By Bob Gourley | Originally published in 1998

During the 1998 Lilith Fair tour, we asked Sarah McLachlan and her backup singer Camille Henderson about their work on Delerium’s “Karma” CD. Here’s what they had to say:

What was the process like working with Delerium on “Silence”?

Sarah: “It was a completed track, I was merely to sing over it. It was a bit of a challenge,because it’s very, very different from the type of music that I normally do. Because I write solely for my own stuff usually, I start with chords and melody. So this is very much going from the opposite direction. But I listened to it a lot, and tried to come up with a bunch of different melodies. I went into the studio and sang a bunch of stuff for Bill and he sort of went ‘oh yeah, that sounds great.’ After three or four hours in the studio, it came together. Actually, I think I wrote most of the lyrics in the studio, come to think about it now. I sort of got there and wasn’t prepared.”

Were you just given a track to do, or did you have a choice?

Sarah:“I was given a choice of tracks, months and months before, and I was like I can’t do it, I have no time. And then they came back to me months and months later and I actually had time to sit down and listen to one and I quite liked it. Actually, I liked a lot of them but the ones they were going to have vocals on had already been chosen. So they gave me ‘Silence’ and I really like some of the melodies and the choral stuff.”

Were you a fan of Delerium?

Sarah:“I am attracted to that style of music. It’s very trance like, and it certainly evokes certain moods for me.”

How did you get involved with Delerium?

Camille: Basically, Mark Jowett from Nettwerk approached me and asked me if I’d be interested. He told me that there were a whole bunch of artists attempting to write for the record and I jumped at the opportunity. I thought it would be great.

What was the process like? Were you given a finished track to add vocals to?

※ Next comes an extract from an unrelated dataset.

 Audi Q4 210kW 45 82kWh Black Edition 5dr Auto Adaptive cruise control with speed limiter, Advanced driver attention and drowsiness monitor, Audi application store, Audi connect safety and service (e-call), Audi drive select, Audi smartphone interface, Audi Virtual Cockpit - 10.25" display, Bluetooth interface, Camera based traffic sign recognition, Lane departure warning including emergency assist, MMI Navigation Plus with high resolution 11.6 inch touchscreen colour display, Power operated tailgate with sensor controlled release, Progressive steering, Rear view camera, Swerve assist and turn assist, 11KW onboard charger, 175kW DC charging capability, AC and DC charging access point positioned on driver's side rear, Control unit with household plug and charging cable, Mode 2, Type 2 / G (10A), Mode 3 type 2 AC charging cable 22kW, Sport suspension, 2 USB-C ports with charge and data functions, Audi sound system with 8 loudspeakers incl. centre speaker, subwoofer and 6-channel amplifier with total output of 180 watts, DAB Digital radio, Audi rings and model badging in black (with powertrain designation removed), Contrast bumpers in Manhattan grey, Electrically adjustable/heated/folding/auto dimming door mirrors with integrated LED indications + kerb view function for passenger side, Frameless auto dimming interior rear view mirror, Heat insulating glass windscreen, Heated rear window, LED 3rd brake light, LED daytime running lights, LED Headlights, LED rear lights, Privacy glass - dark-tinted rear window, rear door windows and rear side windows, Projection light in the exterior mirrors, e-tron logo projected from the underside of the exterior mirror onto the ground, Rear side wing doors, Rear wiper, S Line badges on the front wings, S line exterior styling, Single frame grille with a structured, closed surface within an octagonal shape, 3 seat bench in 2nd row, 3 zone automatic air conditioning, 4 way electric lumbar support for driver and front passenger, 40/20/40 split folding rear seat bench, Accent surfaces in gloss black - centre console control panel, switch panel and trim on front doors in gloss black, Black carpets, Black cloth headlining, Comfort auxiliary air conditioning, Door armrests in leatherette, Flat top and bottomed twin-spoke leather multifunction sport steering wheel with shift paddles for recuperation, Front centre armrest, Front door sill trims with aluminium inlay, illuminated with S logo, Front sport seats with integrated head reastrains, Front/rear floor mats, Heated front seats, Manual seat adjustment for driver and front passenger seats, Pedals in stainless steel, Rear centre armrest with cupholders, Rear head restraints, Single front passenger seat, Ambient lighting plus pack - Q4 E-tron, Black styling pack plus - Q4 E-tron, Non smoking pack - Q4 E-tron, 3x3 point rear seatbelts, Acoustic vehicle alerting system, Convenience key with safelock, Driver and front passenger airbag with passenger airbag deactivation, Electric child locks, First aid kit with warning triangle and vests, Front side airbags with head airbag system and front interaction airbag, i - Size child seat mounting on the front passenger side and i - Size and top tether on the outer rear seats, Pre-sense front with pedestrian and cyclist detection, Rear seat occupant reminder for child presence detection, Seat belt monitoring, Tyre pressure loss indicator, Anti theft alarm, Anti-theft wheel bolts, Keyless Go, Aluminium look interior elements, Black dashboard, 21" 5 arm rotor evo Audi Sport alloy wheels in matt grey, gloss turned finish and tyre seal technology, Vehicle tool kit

Camille: Actually, the tracks that they gave me were really close to finished. At the time, I didn’t realize how close they were to being finished. When I heard the record, I realized that almost nothing was different. I knew it was a demo, but it was very similar to the finished product. So it was a really interesting process, working from that angle of taking pretty much a finished track and somehow making it my own.

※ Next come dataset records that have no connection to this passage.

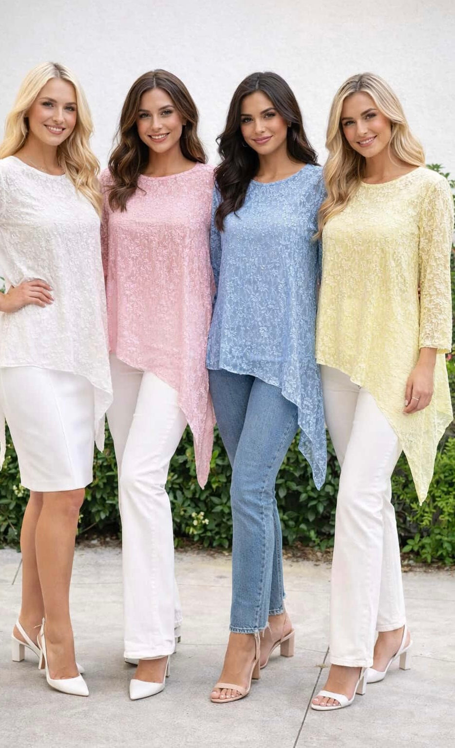 Spitze Tunika Oberteil asymmetrisch schnitt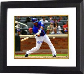 Juan Lagares hit his first major league home run on May 19 2013. Lagares began the 2014 season with the Mets as their starting center fielder. At the end of the season he improved his hitting tremendously over the past season, increasing his average by nearly 40 points, from .242 to .281. On November 4, 2014 it was announced that Juan had won his first Gold Glove Award. He was the third outfielder in franchise history to win a Gold Glove award. On April 2, 2015, Lagares and the Mets agreed to a four-year extension worth $23 million which will run from 2016 through 2019. The Mets have a $9.5 million option for 2020, with a $500,000 buyout. Juan Lagares has hand signed this New York Mets 16x20 Photo #12. Leaf Authentics Hologram and Certificate of Authenticity from Athlon Sports. Custom White Mat and Premium Black Color Framed as shown.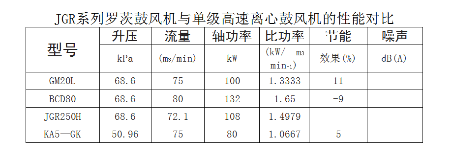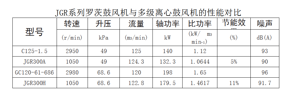 (2)JGR系列罗茨鼓风机与单级高速离心鼓风机能耗比较:

Were you able to choose which track to sing on?

Camille:“They gave a lot of tracks to a lot of different singers and just chose favorites from what was submitted. So I wrote for three songs, and they chose that one.”

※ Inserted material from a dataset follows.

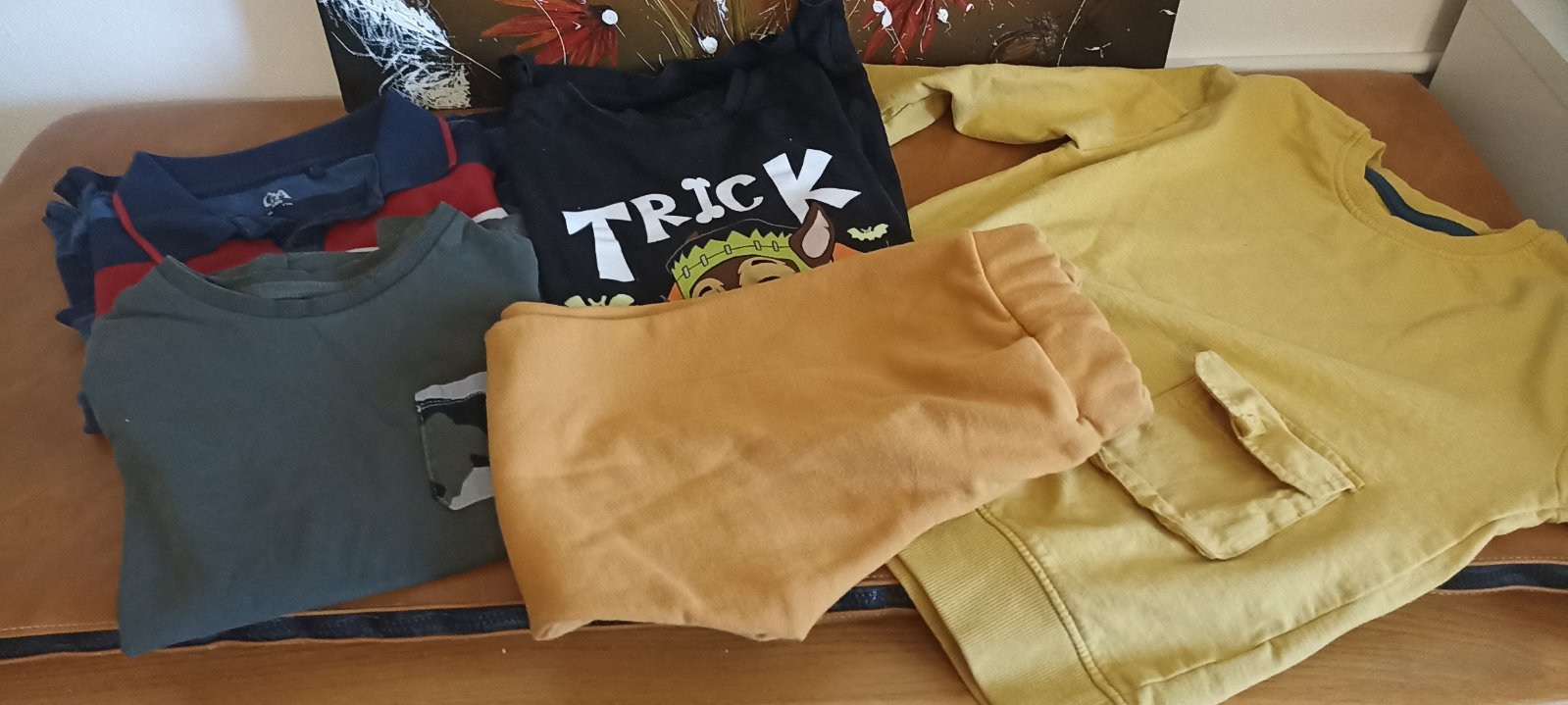 Balík obsahuje tricka s dlhým rukávom , mikinu a handmade tepláky. Mikina minimálne nosena, tričká bez poškodení. Značky C&A, Next, Sinsay.

Since the music of Delerium is quite a bit different then Sarah’s and your solo material, was it difficult at all coming up with the vocal parts?

Camille:“I actually wrote them on the beach. It was during the summer and I went down to the beach every day with my Walkman and these tracks and basically did stream of consciousness until something was forming, until it was obvious that my impression of the song was a certain kind of flavor, a certain kind of emotion that kept coming out of all kinds of adjectives. That kind of thing. And then I formed a concept for it. So, it wasn’t difficult. In some ways, the genre that they work in was a bit more liberating than a lot of this stuff that I do on my own. I tend to be a little more concise, my style is a little bit more like the 3 1/2 minute song with a clear verse/chorus and a flow of lyrics that makes a story for people. Where as the Delerium genre seems to, in the past at least, have been more of a creative abstraction. It was really great for me to work that lyrically.”

Do you generally like electronic music?

Camille:“Yeah, I really enjoy it. I would really love to do more of that kind of thing. I’d love to work with programmers and set down tracks. I really enjoyed.”

If Delerium were to play live and you could fit it into your schedule, would you be interested in taking part?

Camille:“Of course, it would be really interesting to see how we’d pull that off.”